■ WHAT YOU NEED TO DO
Output exactly the lines from the line that has "经学院党委同意并报请学校工会, 91沈先生 第八届教职工代表大会暨工会会员代表大会第三次会议于11月12日下午在" through the last line of the data below, with no pictures.

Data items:
--
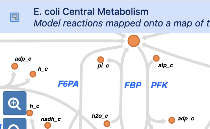 For maps showing the interconversion of two (or a few) components, all reactions interconverting these components are collected and displayed on the maps. Examples of these maps are Ubiquinone Reduction/Oxidation and L-Arginine Biosynthesis. Other — more complex — maps make use of a template Escher map, on which reactions are mapped (e.g. E. coli Central Metabolism). Maps are required to have a decent completeness (percentage of reactions in the template that are also in the model; exact threshold varies per map), otherwise they are omitted.
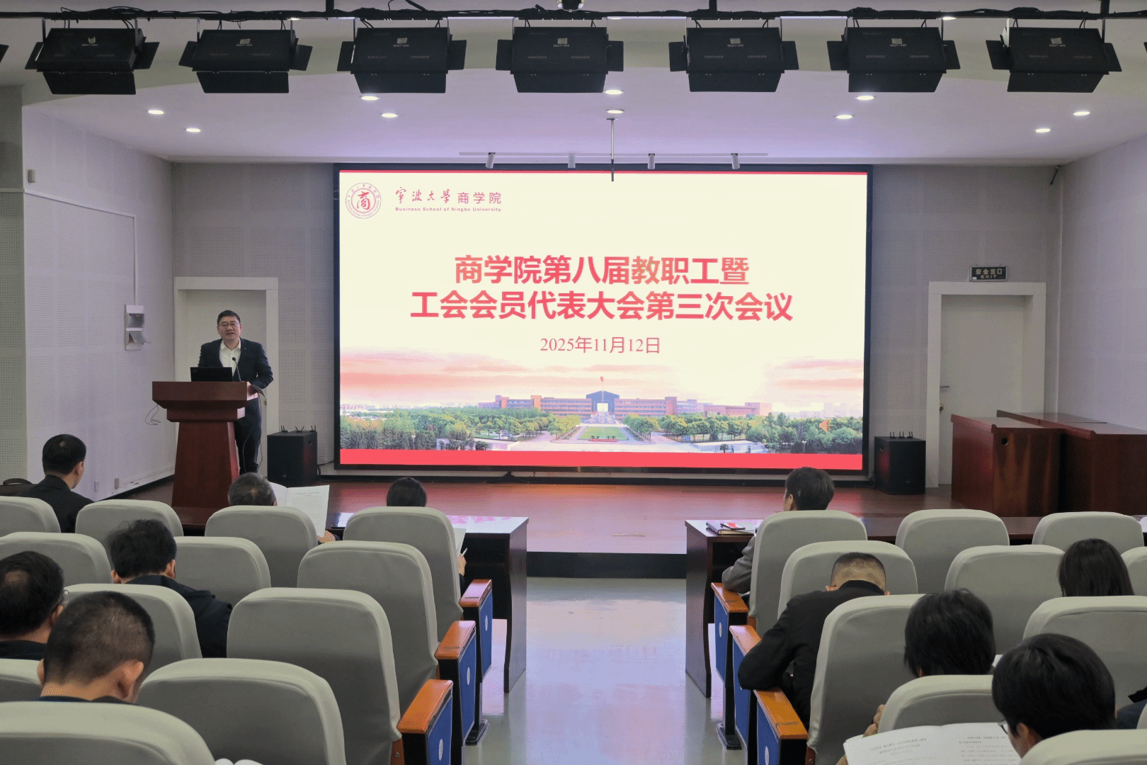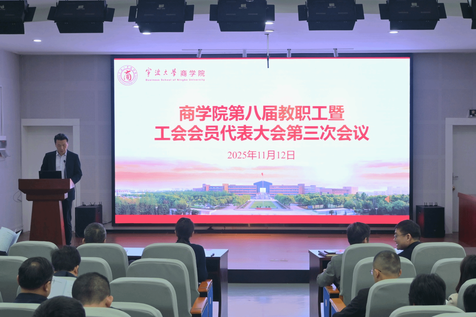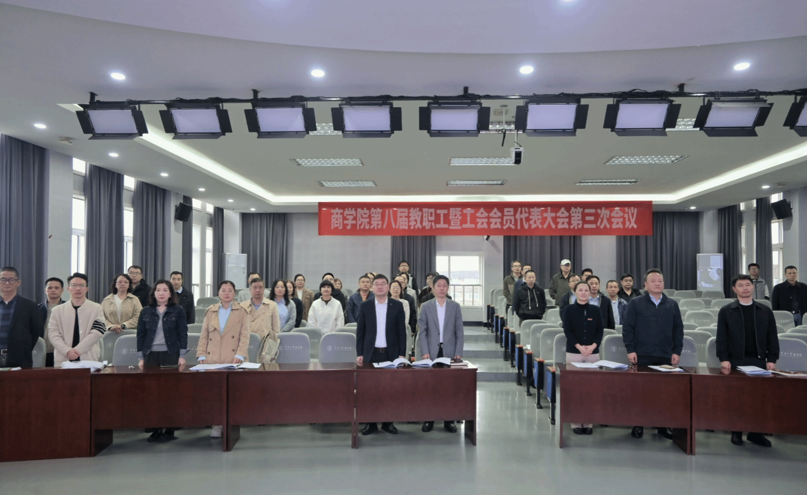 经学院党委同意并报请学校工会, 91沈先生 第八届教职工代表大会暨工会会员代表大会第三次会议于11月12日下午在 91沈先生 501报告厅举行。会议由院分工会主席朱一鸿主持,学院党委全体委员和教职工代表、工会会员代表参加了会议。
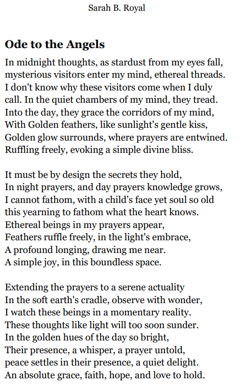 Sarah B. Royal continues to expand the possibilities of poetic form, offering readers a deeply personal yet universally resonant experience. Her writing is a testament to the power of creative risk, intellectual depth, and emotional authenticity.
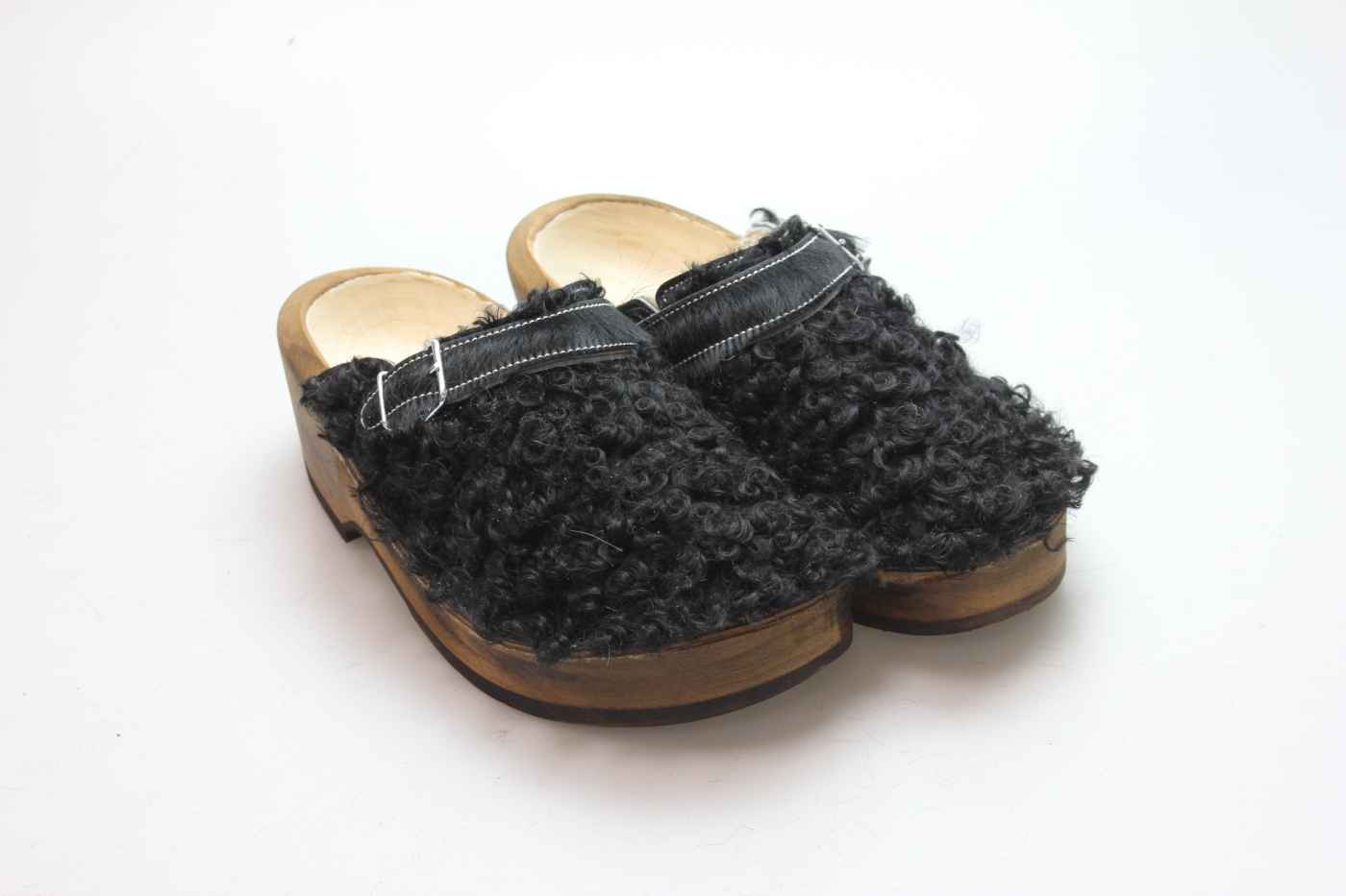 Der Holzschuh, mit dem Sie sicherlich auffallen werden. Außen verwenden wir für dieses Modell Ziegenfell. Für zusätzichen Komfort ist er auch mit Schaffell gefüttert. Im Bild sehen Sie das Unikat, welches Sie erhalten.
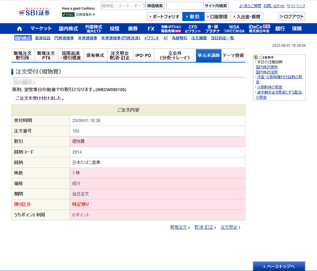 早速、1株追加注文を入れました!金曜の夜なので約定は月曜の寄付きだから急ぐ事は無いのにねw
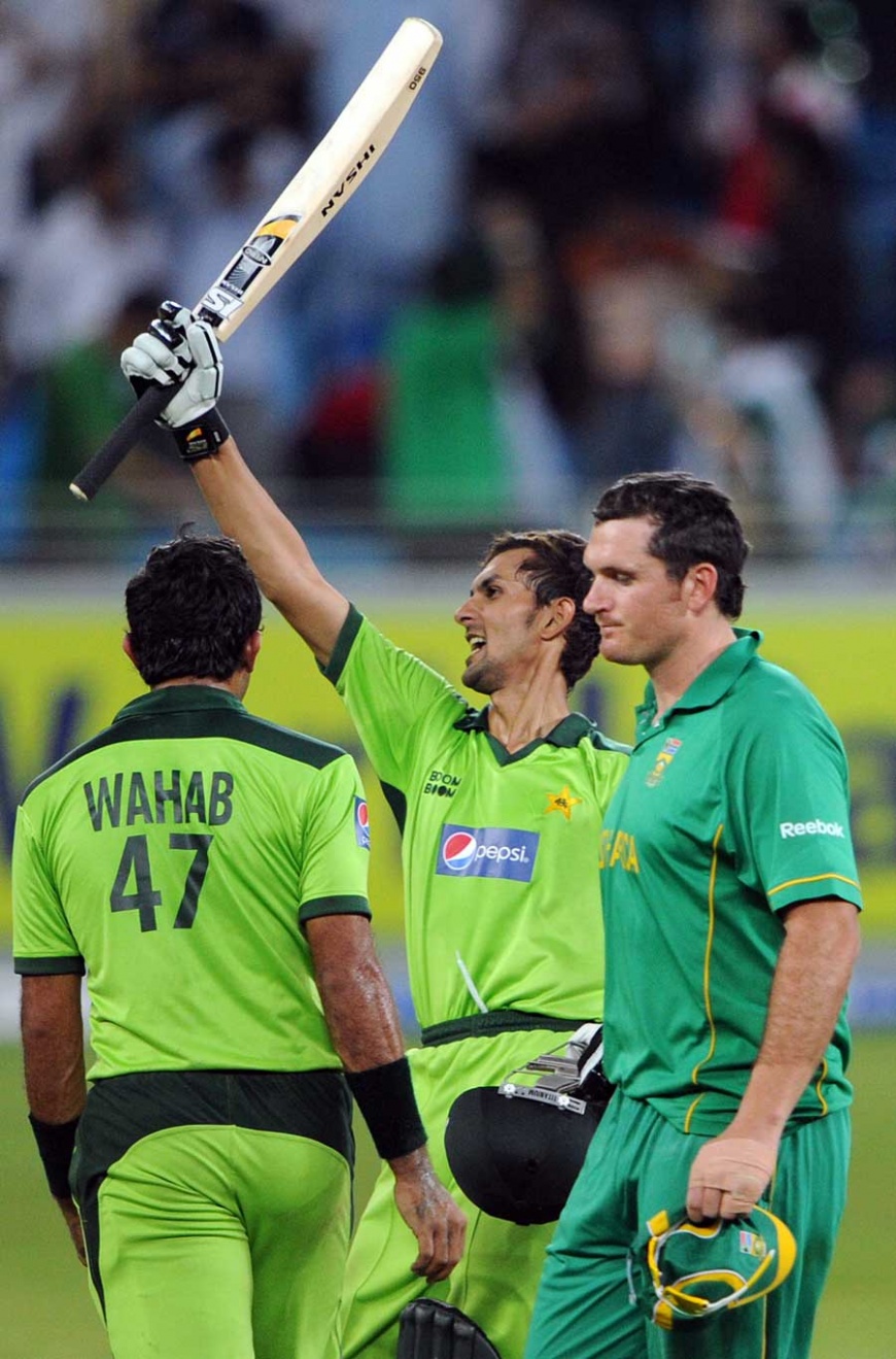Pakistan did well to restrict the scoring rate and Jacques Kallis tried to break the shackles by slog-sweeping Hafeez over midwicket but could only pick out the fielder on the boundary. Immediately following Kallis's departure, Smith took three boundaries off Wahab's third over - including two deft glides to third man - as he hurried towards his fifty.
--
■ EXERCISE OUTPUT
 经学院党委同意并报请学校工会, 91沈先生 第八届教职工代表大会暨工会会员代表大会第三次会议于11月12日下午在 91沈先生 501报告厅举行。会议由院分工会主席朱一鸿主持,学院党委全体委员和教职工代表、工会会员代表参加了会议。
 Sarah B. Royal continues to expand the possibilities of poetic form, offering readers a deeply personal yet universally resonant experience. Her writing is a testament to the power of creative risk, intellectual depth, and emotional authenticity.
 Der Holzschuh, mit dem Sie sicherlich auffallen werden. Außen verwenden wir für dieses Modell Ziegenfell. Für zusätzichen Komfort ist er auch mit Schaffell gefüttert. Im Bild sehen Sie das Unikat, welches Sie erhalten.
 早速、1株追加注文を入れました!金曜の夜なので約定は月曜の寄付きだから急ぐ事は無いのにねw
Pakistan did well to restrict the scoring rate and Jacques Kallis tried to break the shackles by slog-sweeping Hafeez over midwicket but could only pick out the fielder on the boundary. Immediately following Kallis's departure, Smith took three boundaries off Wahab's third over - including two deft glides to third man - as he hurried towards his fifty.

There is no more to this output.